EXERCISE AIM →
In your copy of the data, include no pictures and alter nothing else.

DATASET EXTRACT →
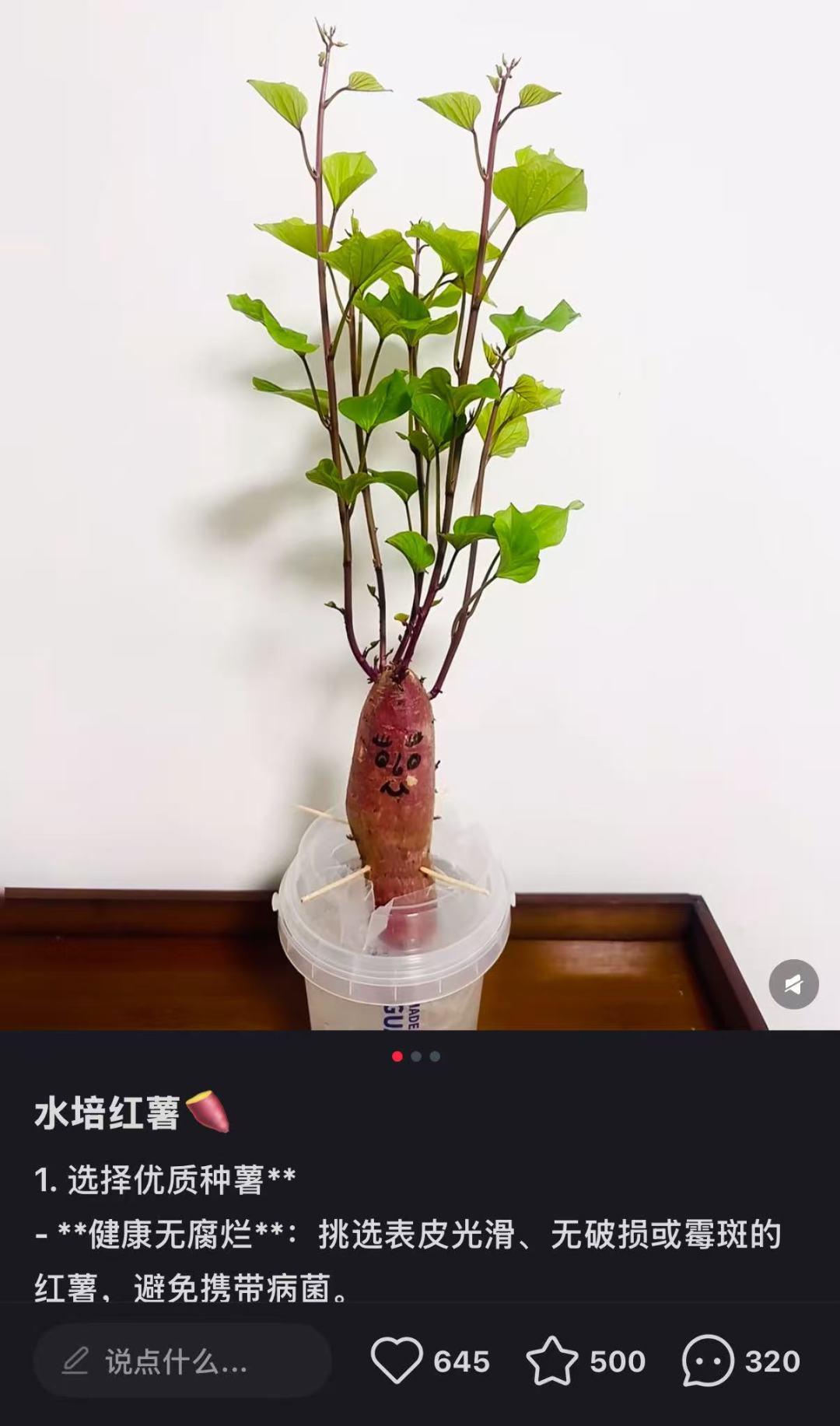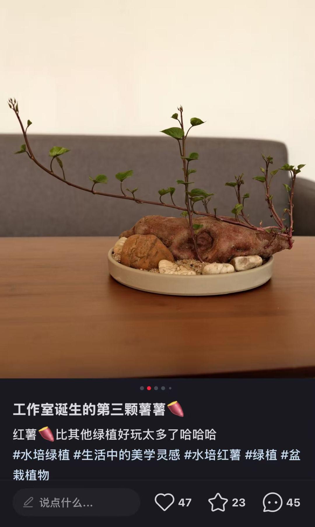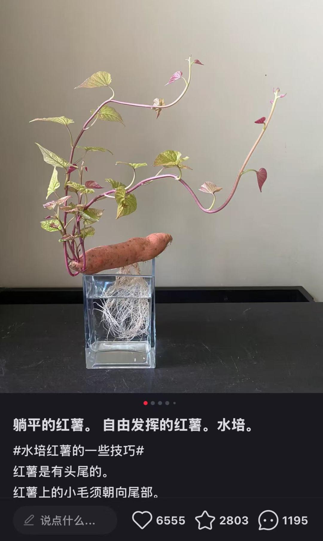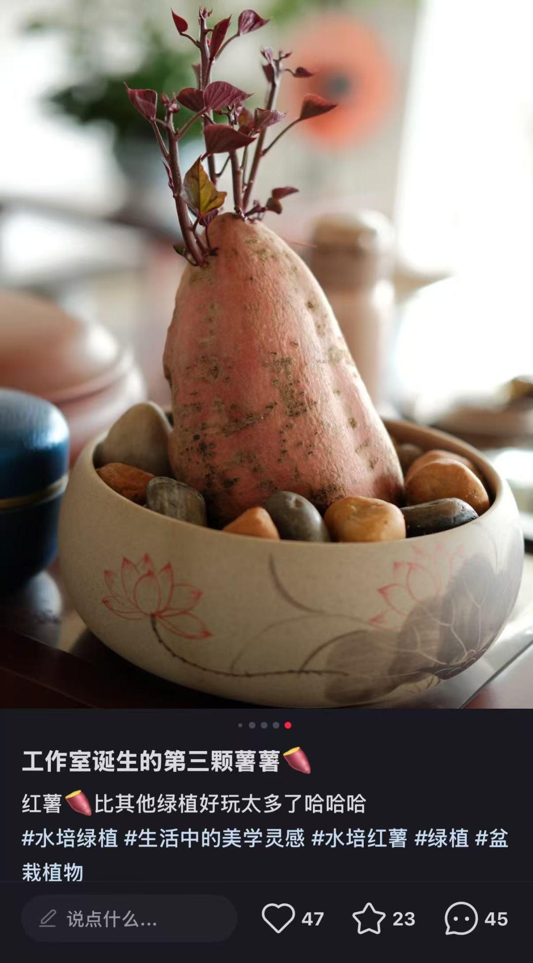 网友在社交平台上分享的水培红薯,也太好看了吧。
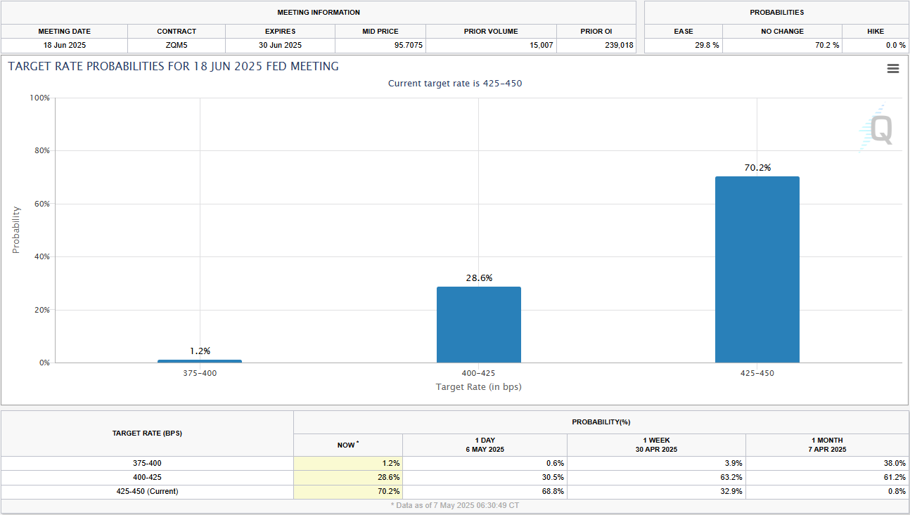 Рынки ожидают результатов заседания ФРС. Экономисты и аналитики единодушны во мнении, что изменения ставки не предвидятся, и она останется в текущем диапазоне 4.25%-4.50%. Несмотря на события в Индии и Пакистане, а также новости о предстоящих переговорах между США и Китаем, рынок готов к сильным движениям, оставаясь в состоянии неопределённости относительно дальнейших шагов Центрального банка.
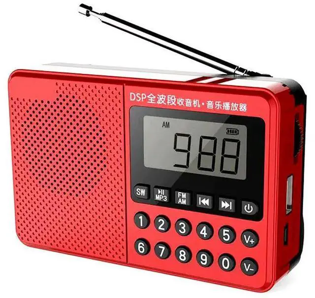 FM/AM/SW Handheld MP3 Player Dual Antenna Full Band Elder Radio LED Digital Display 2.1 Channel Support USB Stick/TF Card
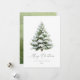Compartilhe a beleza da estação com este elegante cartão de Natal apresentando uma única árvore de pinheiro nevada contra um suave fundo de aquarela verde. A fonte de letra cursiva delicada adiciona um toque atemporal e gracioso - perfeito para enviar votos sinceros para familiares e amigos. Este design minimalista, mas festivo, traz um toque de natureza e sofisticação para os seus cumprimentos de Natal. Personalize com o nome da sua família e o ano para um presente personalizado que captura o espírito tranquilo do inverno.

FINISHED EXERCISE →
 网友在社交平台上分享的水培红薯,也太好看了吧。
 Рынки ожидают результатов заседания ФРС. Экономисты и аналитики единодушны во мнении, что изменения ставки не предвидятся, и она останется в текущем диапазоне 4.25%-4.50%. Несмотря на события в Индии и Пакистане, а также новости о предстоящих переговорах между США и Китаем, рынок готов к сильным движениям, оставаясь в состоянии неопределённости относительно дальнейших шагов Центрального банка.
 FM/AM/SW Handheld MP3 Player Dual Antenna Full Band Elder Radio LED Digital Display 2.1 Channel Support USB Stick/TF Card
Compartilhe a beleza da estação com este elegante cartão de Natal apresentando uma única árvore de pinheiro nevada contra um suave fundo de aquarela verde. A fonte de letra cursiva delicada adiciona um toque atemporal e gracioso - perfeito para enviar votos sinceros para familiares e amigos. Este design minimalista, mas festivo, traz um toque de natureza e sofisticação para os seus cumprimentos de Natal. Personalize com o nome da sua família e o ano para um presente personalizado que captura o espírito tranquilo do inverno.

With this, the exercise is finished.